MTN Electronics: LEDs - Batteries - Lights - Chargers - Hosts - Drivers - Components - 1-Stop-US Source

I haven't built one yet so I have no experience with it.

Ah, so its not complicated drilling, so if one so wished, one could buy the mod kit sans host and drill the host oneself? Though I thought that the individual optics plugged-on over the emitter substrates.

Also, would this be using a single unitized optic, or three individual units? And would the mcpcb’s and optics be available separately?

I was curious when you would have a stock, and how well they performed.

•Convoy S2+ 18350 Hosts

I cant seem to find them on the site. Maybe a link would help my old eyes…. :nerd_face:

Thanks

I can't either! Hang tight, they'll be here soon.

Look in DBCstm’s Intl-Outdoors 32mm Noctigon 4x XP-G thread for more details on building the X6 with 35mm Ledil Cute optics. Information is spread out throughout the thread IIRC.

Ok thanks!!! I like small lights and I think that might almost could be perfect I have been carrying the 602c host for a long time now and its still awesome in my eyes. Would like to see how this one feels.

Hi Richard

I placed my first order with you recently and it was great to see such a quick delivery to Oz compared to China. So thanks very much to you and you team.
I got 3 x BLF17DD boards and an SRK FET board to build my first FET drivers and some IRFR3711ZTRPBF mosfets.
Do you recommend 100ohms still for R3 or another value for the BLF17DD.
On the SRK the MCU drives the FET directly without R3 in series so a bit confused what to use with this actual FET.
Jamie

Richard, would you be willing to put together a 7135*8 single-mode driver (no MCU)? A friend of mine bought a C8 recently and he says he doesn’t like the modes. He just wants it to switch on and off. I’ve seen these on other sites, but they are all built with the 350mA 7135’s for only 2.8A output, and they still cost as much or more than your Qlite 3.04A driver that has all the modes.

It would be better to keep the mcu and just program it for one mode. Retain low voltage protection.

Okay, new question. Since I have no way to program it, can I buy it programmed for single mode operation? This is also not listed as an option on the site.

It’s listed. You order a QLITE and choose “Flash STAR FW ON-TIME memory (+$1.05)” in the Alternate Firmware menu. :wink:

And pay more for the driver? Back to my first question(s), now. Can I get a driver without the MCU and what would be the price? I think it’s unreasonable to pay more for the privilege of getting less.

Why not just solder over the capacitor?
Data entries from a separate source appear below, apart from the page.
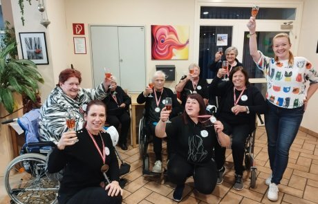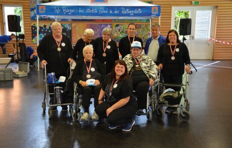 Gespannt und voller Vorfreude nahmen fünf Bewohnerinnen des SeneCura Sozialzentrums Söchau an der diesjährigen Seniorensicherheitsolympiade teil. Wochen davor wurde bereits fleißig mit Physiotherapeutin Daniela trainiert und geübt. Am großen Tag waren alle Teilnehmerinnen einheitlich gekleidet und mit extra gestalteten Buttons als „Team Söchau“ startklar. Begleitet von Physiotherapeutin Daniela und Pflegeassistentin Bianca verbrachten sie den gesamten Vormittag damit, verschiedenste Disziplinen zu absolvieren. Nach einem gemütlichen Mittagessen war es dann soweit – das Team des SeneCura Sozialzentrum Söchau erreichte den großartigen 3. Platz und fuhr stolz mit der Bronzemedaille nach Hause. Dort wurden die erfolgreichen Teilnehmerinnen mit Applaus, Fanfarenklängen und Sekt empfangen. Sichtlich stolz auf die gemeinsame Leistung wurde der Tag gefeiert.
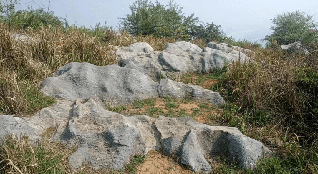 开始上山。当天艳阳高照,气温20多度,而我们走在山路上却丝毫不感到炎热。山风拂来满眼春。几只花喜鹊在眼前不时的上下飞舞、时而驻枝观望,时而起伏鸣叫,似在带路。前行百余步,迎面走来一位农妇正赶着20余只羊下山。俗话说“三羊开泰”,今日上山幸遇羊群,大吉。激动得我家属羊的媳妇赶快抢抓背景拍照,漫山遍野似羊群的杏山溶石和真实的羊群映衬出一幅绝妙的图画,只是自己五音不全,若再和上一首少林寺电影主题曲,配上前面的“邓州杏山省级地质公园”地碑,肯定可以制作成为一段较好的杏山地质公园宣传视频。
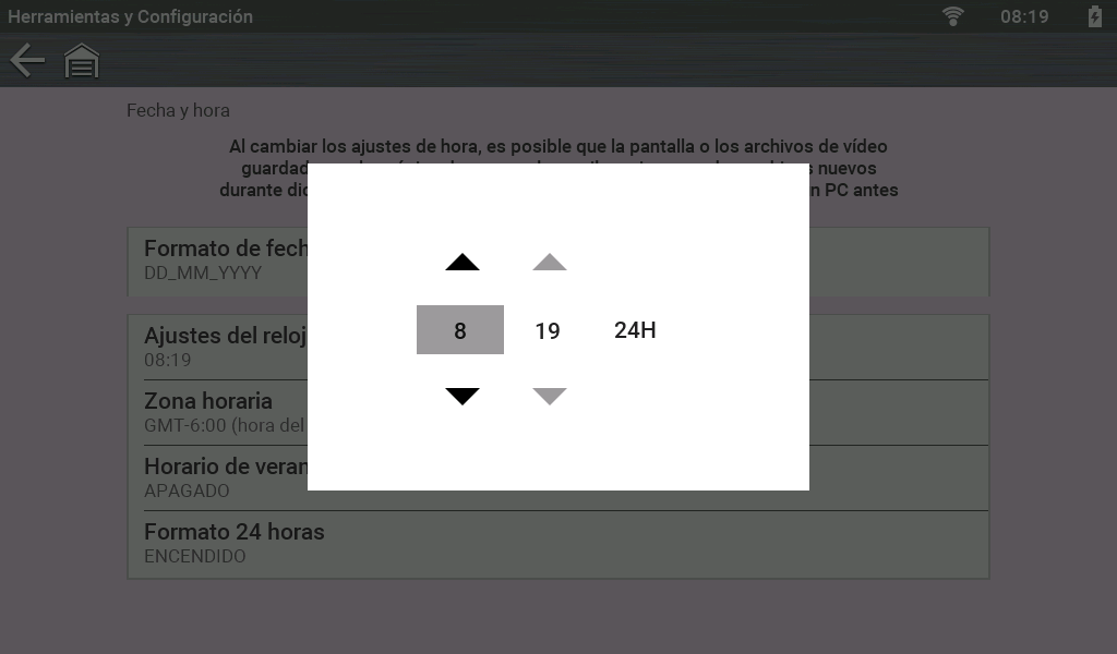 Tools > Settings > System Settings > Date & Time > Clock Settings (Herramientas > Configuración > Configuración del sistema > Fecha y hora > Configuración del reloj)
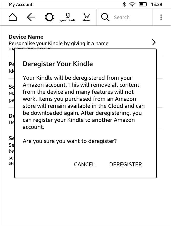 A megjelenő megerősítő ablakban érintse meg újra a „Regisztráció” elemet, és a Kindle leválasztásra kerül az Amazon-fiókjáról.
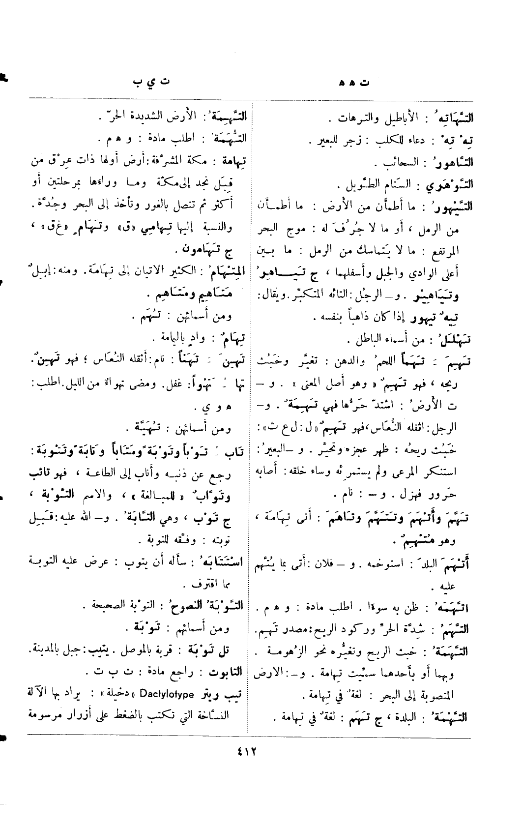 المتهام: الكثير الاتبان إلى تهامة. ومنه: إبل متاهم ومتاهم.
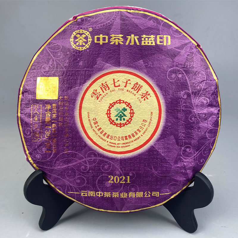 中茶水蓝印 普洱茶(熟茶)紧压茶 甄选云南省布朗山班章核心产区大树原料,适度发酵,自然陈化,精诚拼配,精细加工。
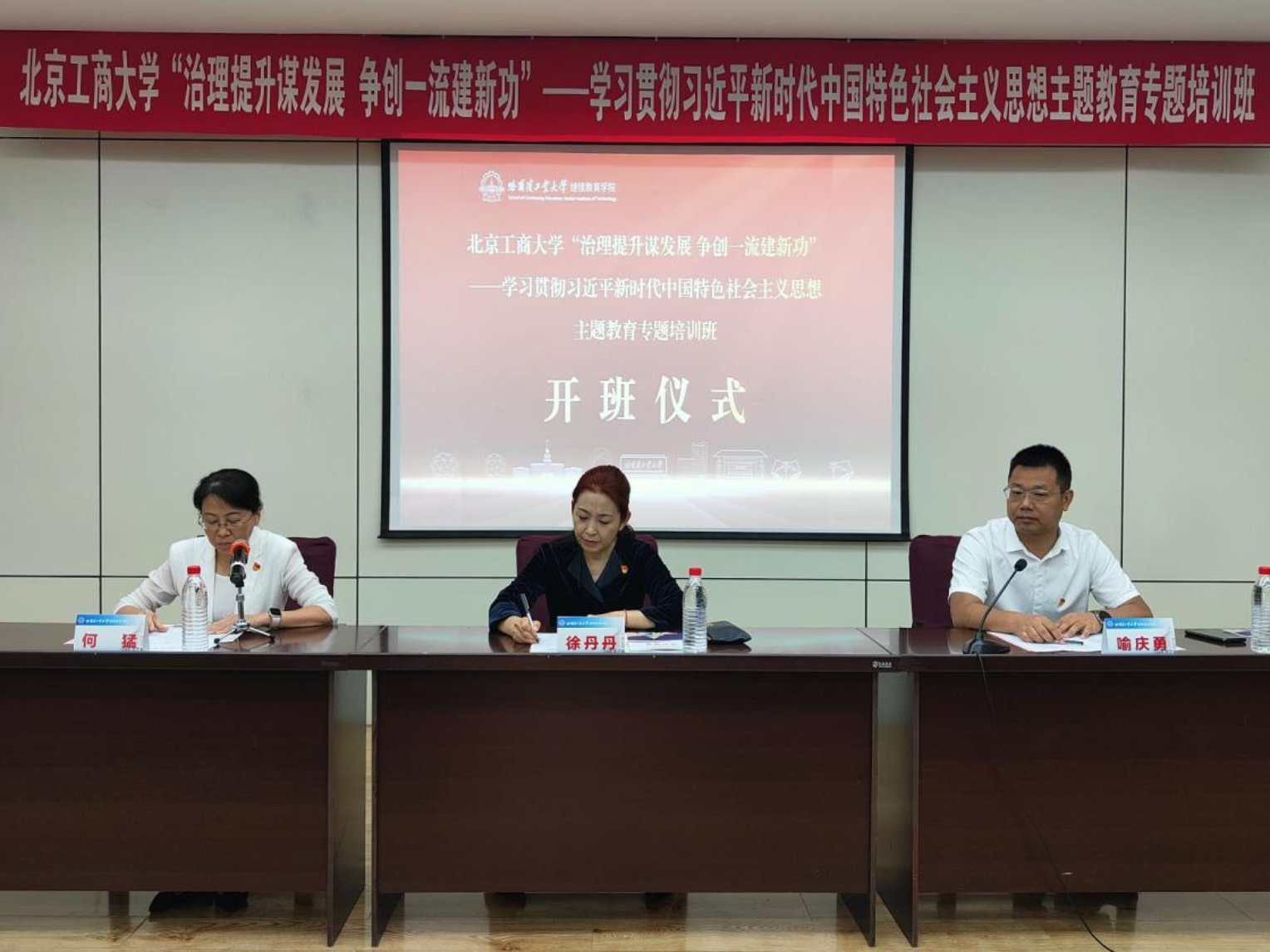 7月17日上午,培训班举行开班仪式。哈尔滨工业大学继续教育学院常务副院长、全国干部教育培训哈工大基地管理办公室主任喻庆勇致辞,对我校培训班一行表示欢迎,并介绍了哈尔滨工业大学的历史沿革、优势特色和杰出人才培养、“国之重器”打造和继续教育发展等概况,以及此次培训的学习安排等。徐丹丹作动员讲话,感谢哈尔滨工业大学精心安排培训课程,选派优秀师资授课,希望参加培训的干部以此次培训为契机,加强两校交流与合作,学习借鉴哈工大建校百年来的优秀办学传统和办学治校宝贵经验。同时对全体学员提出三点要求:一是要珍惜学习机会,学有所思,展现新面貌。二是要严守学习纪律,学有所得,斩获新成效。三是提升履职能力,学有所成,实现新作为。希望大家通过培训学习,深入学习贯彻习近平新时代中国特色社会主义思想,坚持学思用贯通、知信行统一,结合学校发展认真思考交流,围绕推进工作中的堵点卡点、破题破局的关键点突破点,学到经验、学出思路、学出实效,切实做到“以学铸魂、以学增智、以学正风、以学促干”。
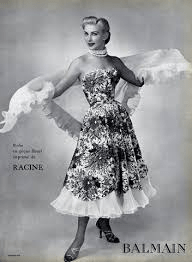 [1]Pierre Balmain was born in 1914 at Saint-Jean de Maurienne in France. His father was in the drapery business and his mother ran a fashion boutique with her sisters with the name, Galeries Parisiennes. He started early by studying architecture at the Ecole des Beaux-Arts while also doing drawings for the designer, Robert Piguet. He ceased his studies in 1934 after the offer and acceptance of a job by Edward Molyneux. During World War II Balmain joined Lucien Lelong where he met Christian Dior who was a great influence on Balmain’s designs.
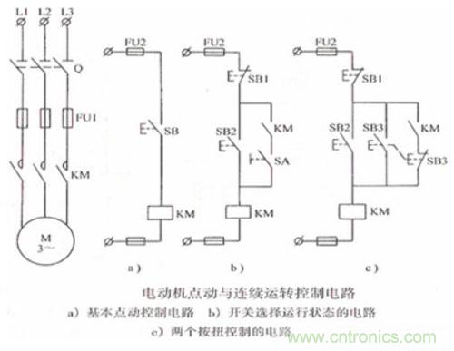 在圖c中,沒有斷路器,取而代之的是一個機械互鎖開關SB3。當按下按鈕SB2時,接觸器線圈通電,常開觸點KM閉合,電動機啟動,松開后,由于常開觸點依然閉合,因此電動機正常運轉。按下按鈕SB3時,接觸器常開觸點下方的按鈕常閉觸點SB3斷開,同時按鈕SB3常開觸點閉合,電動機啟動,松開后電動機停止(接觸器常開觸點此時未接入電路)。因此,此電路可在電動機連動的時候,直接按下SB3,變成點動。

That way the off-power for the MCU goes away instantly so you physically cannot click the button fast enough to change modes.

You’re asking for a custom built driver, yes that costs more, it takes time to build it just for you.
Be glad RMM even offers as many custom options as he does. Orders come in faster than he can build them at times. He could cut back on options.

I was under the impression that all of his drivers were hand-built by himself, so I consider them all “custom” in that regard. With that in mind, I figured it would save him time and money to just not solder the MCU and related components onto the board. I didn’t mean to be demanding or unreasonable. I’d like to hear from Richard himself about whether he would do it and what the cost would be. I guess I should have PM’d him, but I thought it would be good to post the question here, in case someone else might be interested in the same thing either now or in the future.

TheGloriousTachikoma, can you confirm whether soldering over the cap works as you say on the stock driver in the Convoy C8 from Simon on Alibaba? If so, I might not need to buy a new driver at all. Thanks.

You have been under the wrong impression. The 3.04 Q-Light driver is available from many sources, he doesn’t put them together. Programming it for something other than the default firmware it comes with means more work.

Okay, thanks. Then I owe an apology to you all and thanks for setting me straight! Now we return you to your regular programming… :bigsmile:

Anywhere from 50 to 100 ohms will work great.

Just let me know and I'll remove the MCU and put a jumper between the VIN + PWM pins, which is what you see on the "1 mode" drivers. If you let me keep the MCU I won't charge you, since those do cost money and I'll reuse it.

As they said, I do not build the qlite from scratch, but I do charge for the time to flash & test the driver, add chips, etc.